→ **MATERIAL PROVIDED**:
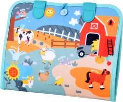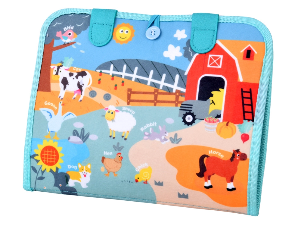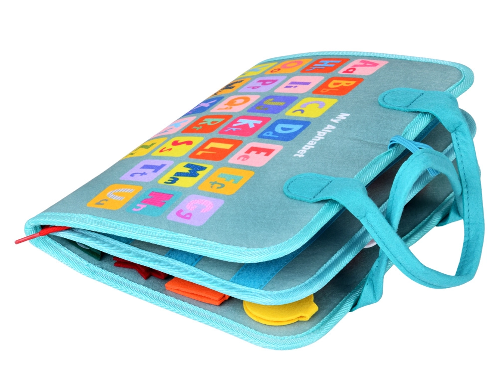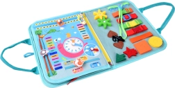 Oplev et smart læringslegetøj inspireret af Montessori-tilgangen. Den bløde filtbog med lukning med elastik og knap gemmer på tematiske sider fulde af bevægelige elementer: ur med visere, lynlåse, spænder, snørebånd, tandhjul, skyde-elementer, former og tal. Barnet træner naturligt finmotorik, koncentration og selvstændighed – uden skærme og hvor som helst på farten.
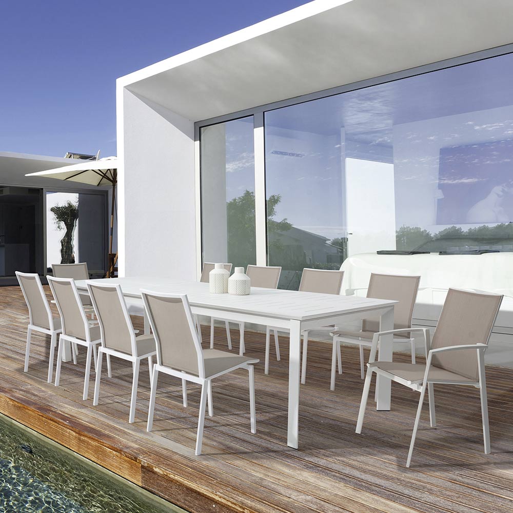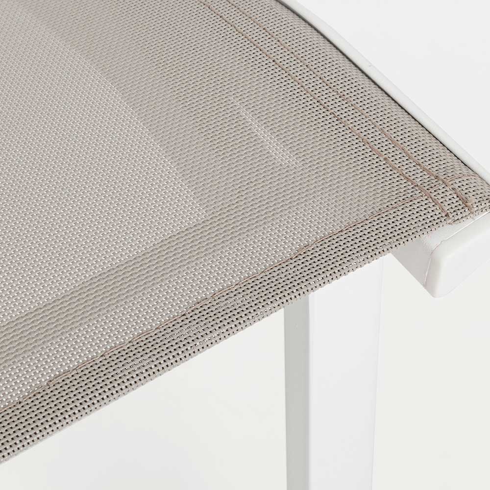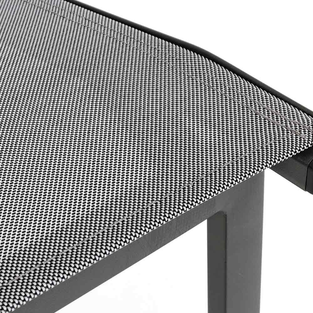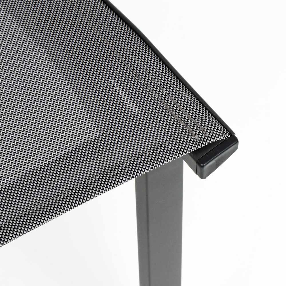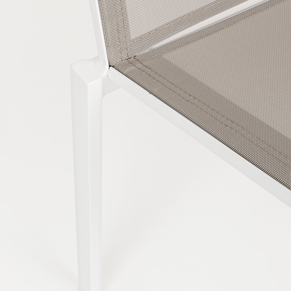 coated aluminum structure (polyester). Seat and back upholstered in 1x1 Phifer textilene. Stackable.
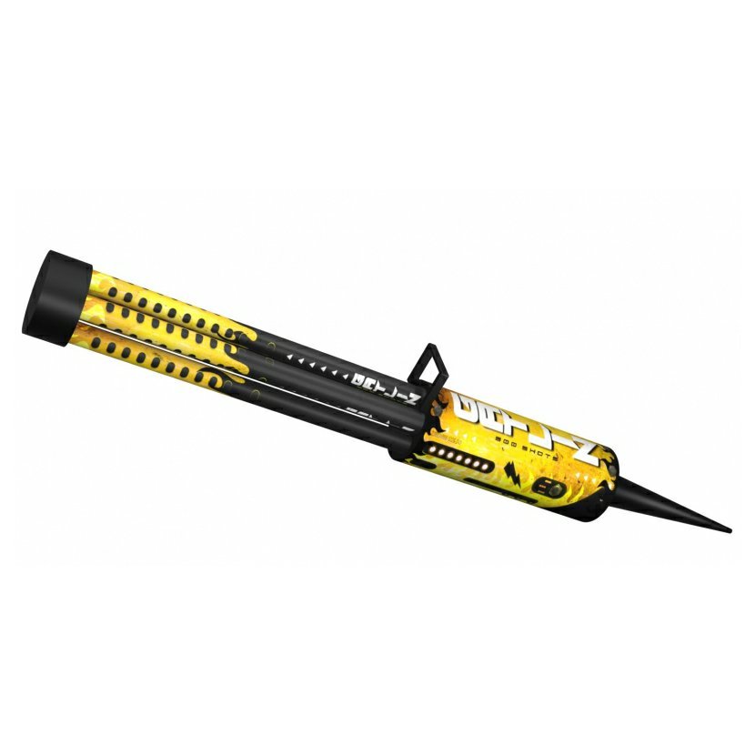 Sada svíci Gatlin 300 v balení jako kulomet - Svíce mají tvar podlouhlého tenkého válce. Po upevnění římské svícezačnou do výšky 10 až 15 metrů vystřelovat různobarevné světlice.

→ **TRY IT**:
All that is needed here is the run of lines from the one containing "coated aluminum structure" through the end of the material above, reproduced exactly and without pictures.

→ **ANSWER SECTION**:
 coated aluminum structure (polyester). Seat and back upholstered in 1x1 Phifer textilene. Stackable.
 Sada svíci Gatlin 300 v balení jako kulomet - Svíce mají tvar podlouhlého tenkého válce. Po upevnění římské svícezačnou do výšky 10 až 15 metrů vystřelovat různobarevné světlice.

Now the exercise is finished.